A bill of lading has to identify the parties, the freight, and the terms precisely enough to serve as a legal receipt and contract. While formats vary, a standard BOL contains a consistent set of fields. Getting these right is what prevents disputes later — an incomplete or inaccurate BOL is the root of a large share of freight claims and billing problems.

The required fields on a standard BOL

  • Shipper (consignor) name and address — who is sending the freight
  • Consignee name and address — who is receiving the freight
  • Carrier name and any carrier identification number
  • Bill of lading number — a unique reference for tracking the shipment
  • Date of pickup
  • Description of the goods — type, packaging, number of units or pieces
  • Quantity and weight of the freight
  • Freight classification (NMFC class) for LTL shipments
  • Special handling instructions (hazmat, fragile, temperature requirements)
  • Freight charge terms — prepaid, collect, or third-party billing
  • Declared value of the goods, where applicable
  • Signatures of the shipper, carrier/driver, and consignee

For hazardous materials, the BOL has additional regulatory requirements, including proper shipping names, hazard classes, and emergency contact information. Hazmat shipments are governed by federal regulations, and an incorrectly documented hazmat BOL can result in serious penalties — so hazmat freight is one area where precision on the document is non-negotiable.

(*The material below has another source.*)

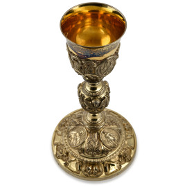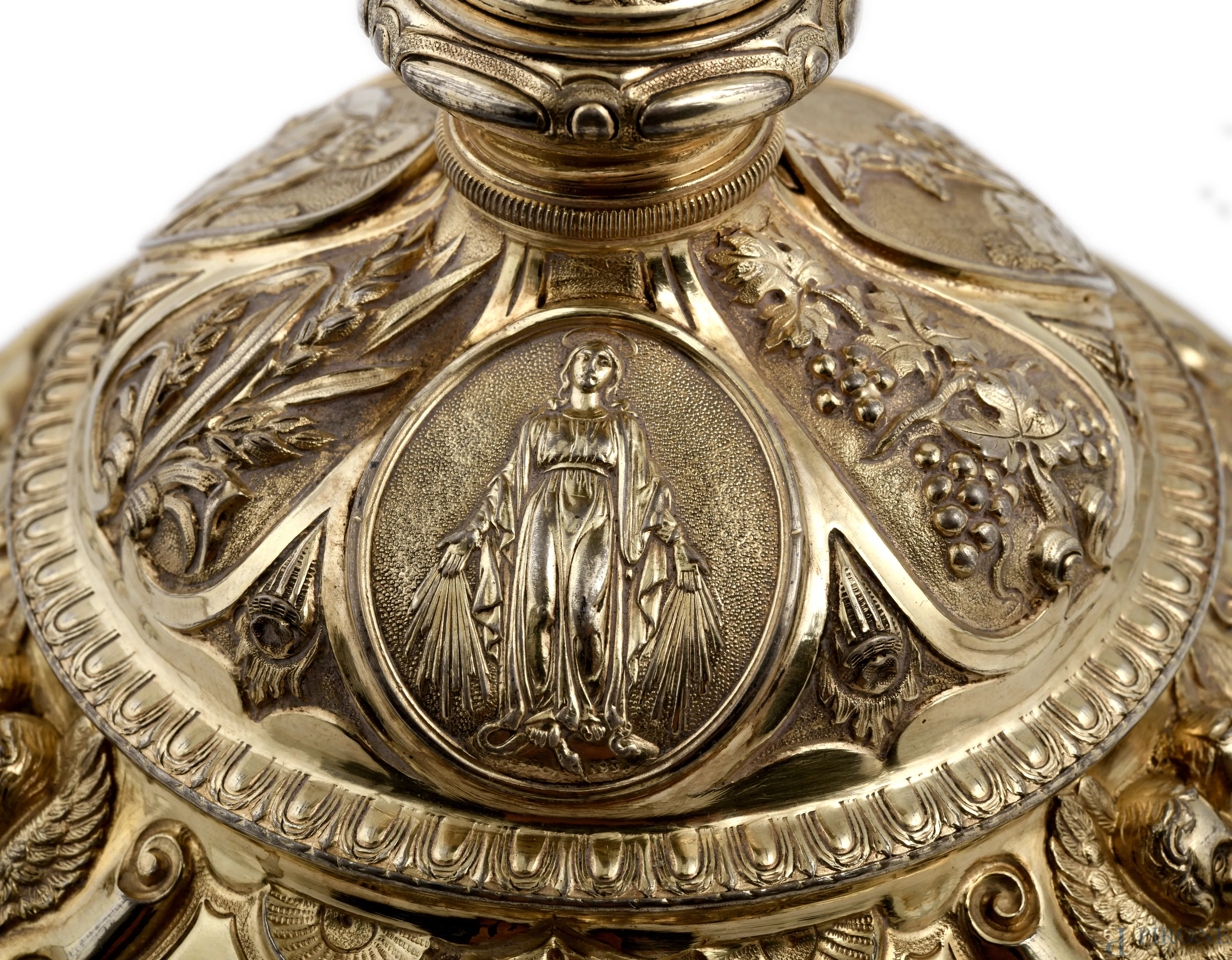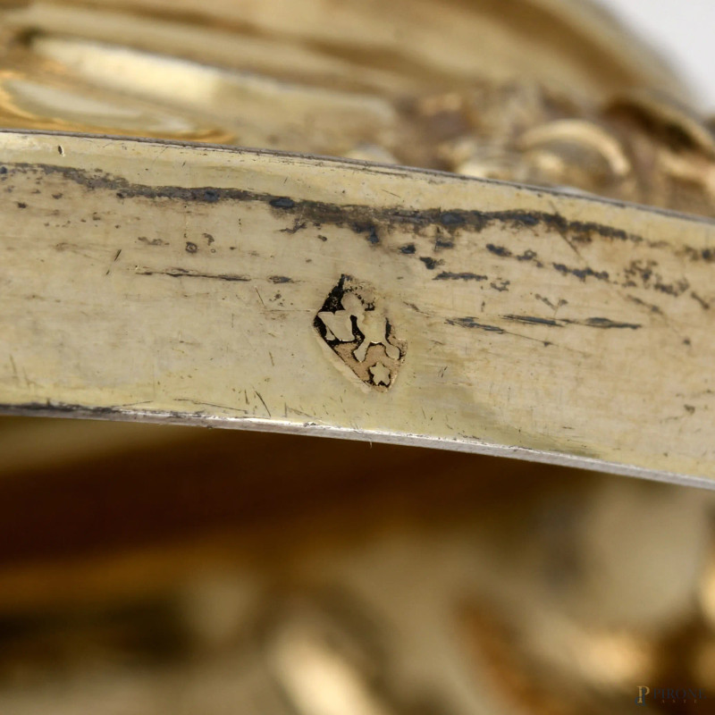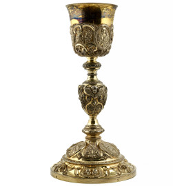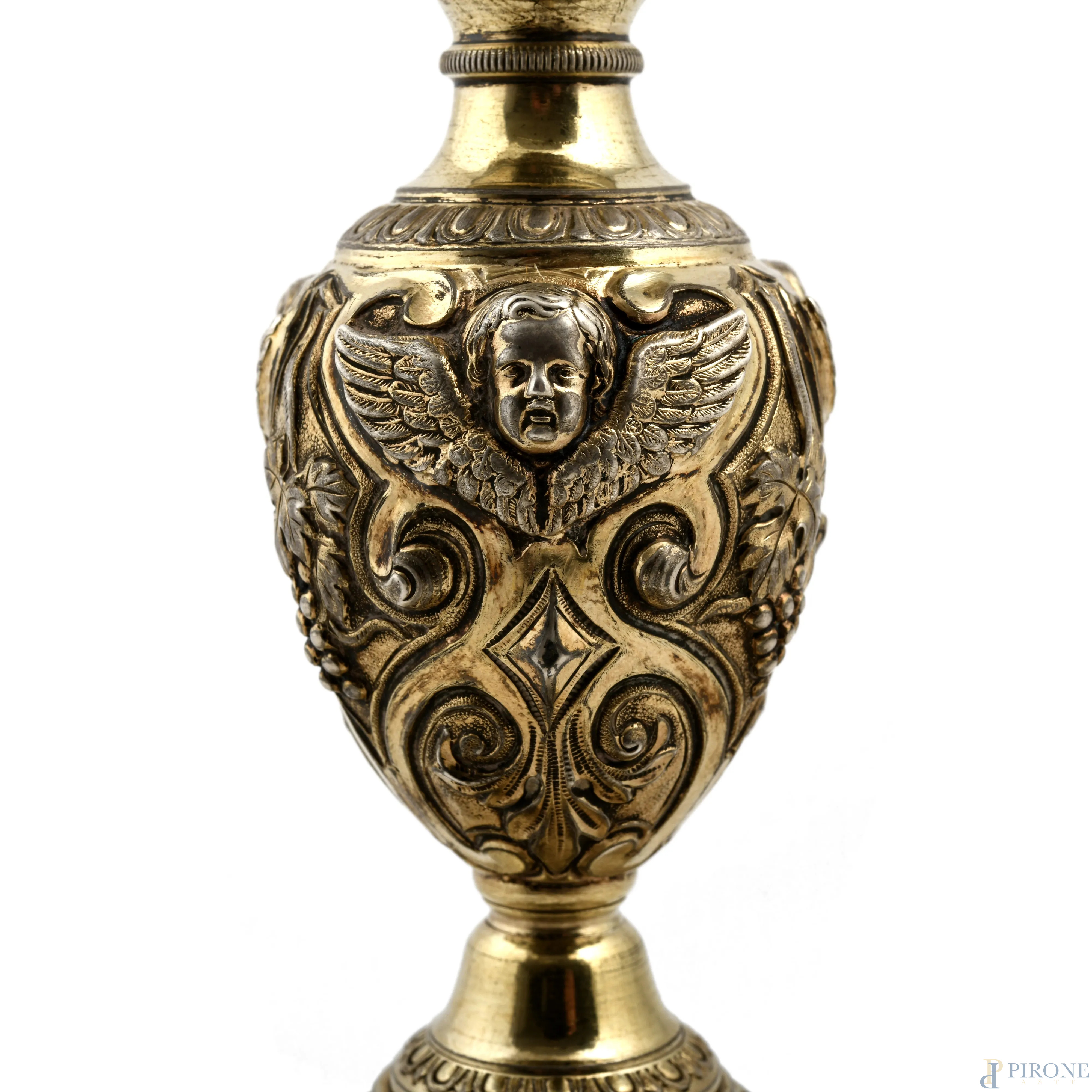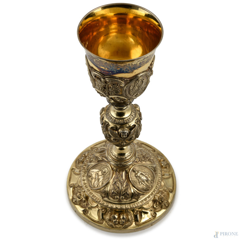 Calice in argento e argento vermeil finemente cesellato, XX secolo, altezza cm 27, peso lordo gr 430, (segni di usura)
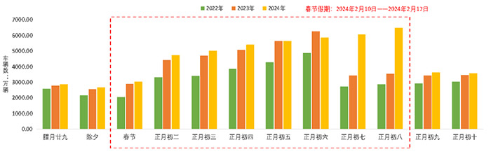 报告显示,预计春节期间(含除夕),全国高速公路日均流量约为5030万辆,较2023年春节同期日均增长11.6%左右。整个春节流量峰值出现在春节假期的最后一天(正月初八),预计达6520万辆左右,创历年春节流量新高。

Bill of lading vs packing slip vs other shipping documents

Freight moves with several documents, and they are easy to confuse. The bill of lading is the legal contract and receipt for the transportation. A packing slip, a freight invoice, and a proof of delivery each serve a narrower purpose. Knowing the difference matters because the BOL is the document with legal weight in a dispute — the others support it but do not replace it.

How a BOL differs from a packing slip

A packing slip is an itemized list of the contents inside a shipment, included for the receiver to check what is in the boxes against what was ordered. It is a fulfillment document, not a transport contract. The bill of lading, by contrast, governs the relationship between the shipper and the carrier and serves as the receipt for the freight as a whole. A packing slip says what is in the box; the bill of lading says who is moving it, under what terms, and proves the carrier took possession. The BOL has legal standing in a freight claim; the packing slip generally does not.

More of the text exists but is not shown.